While the focus, until now, has been on the struggle between Republican leaders and their even more conservative base and caucus members, it will be up to President Obama and Democratic congressional leaders to deal with their party’s more exotic members. No one expected a fiscal-cliff deal effectively free of spending cuts—score one for Democrats—but that now has to change. The Democrats, who won the presidential race, expanded their Senate majority, and picked up seats in the House, will have a hard time dealing with the fact that they now have to endure pain.

The fact is that both parties are experiencing selective perception. There’s a great chart, developed last year by the White House Office of Management and Budget, that’s floating around town and sitting in a lot of PowerPoint decks. Covering the period from 1960 to 2011, it features two solid lines, one red and one blue, mapped against two horizontal dotted lines. The solid red line tracks spending as a percentage of gross domestic product for each year, and its corresponding dotted red line marks the overall average: 20 percent. The solid blue line, meanwhile, follows taxes as a percentage of GDP, and the dotted blue line marks the average: 18 percent.

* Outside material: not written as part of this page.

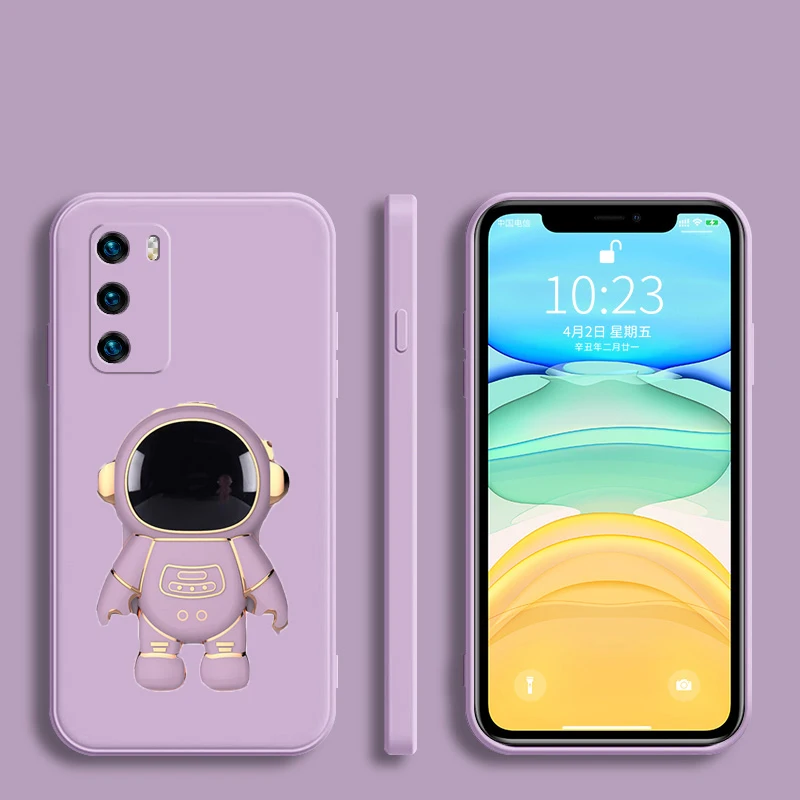 Comprar Funda de silicona con soporte de astronauta para Huawei P50 P40 P30 P20 Lite Pro, funda trasera suave con soporte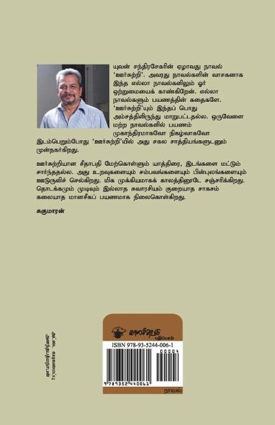 This is Yuvan Chandrasekar's seventh novel. A reader familiar with Yuvan's body of work would be able to identify a similarity on all his novels - that all of them are travel stories. 'Oorsutri' (Wanderer) is not an exception to that. But where travel happens in other stories as an event or with a movie, here all the possibilities are explored. The journey that the wanderer Seethapathi undergoes is not merely one of geographical locations, but of relationships, incidents and backgrounds. More important, it is through time. This is a journey without beginning or end, but entirely captivating and no less of an adventures.

What jumps out on the chart is that most recently both the spending and tax percentages are way out of whack with historic norms. The chart shows 2011 spending at 24.1 percent, not just significantly higher than the five-decade average of 20 percent, but much higher over the past few years than ever before. Meanwhile, it shows taxes at 15.4 percent, way below the 18 percent average and—over the past few years—lower than at any other time during the period.

To most partisans and ideologues, this chart is almost a Rorschach test. The eyes of  liberals and Democrats tend immediately to go to the blue line that shows taxes in recent years running at historically low levels, while conservatives and Republicans’ eyes immediately go to the red line showing spending in recent years at unprecedented levels—unprecedented, at least, in the past half-century or so.

The year-end fight was a clumsy way of dealing with the blue line, but the next fight is going to be much more about that red line, and that is not a fight that Democrats will want to see. So for all of the focus and talk about the cleavages within the GOP and how unrealistic Republicans’ approach to taxes has been, we will now see a mirror-image debate over spending that will show Democrats to be equally culpable for the fiscal crisis that we find ourselves in.

This article appeared in the Tuesday, January 15, 2013 edition of National Journal Daily.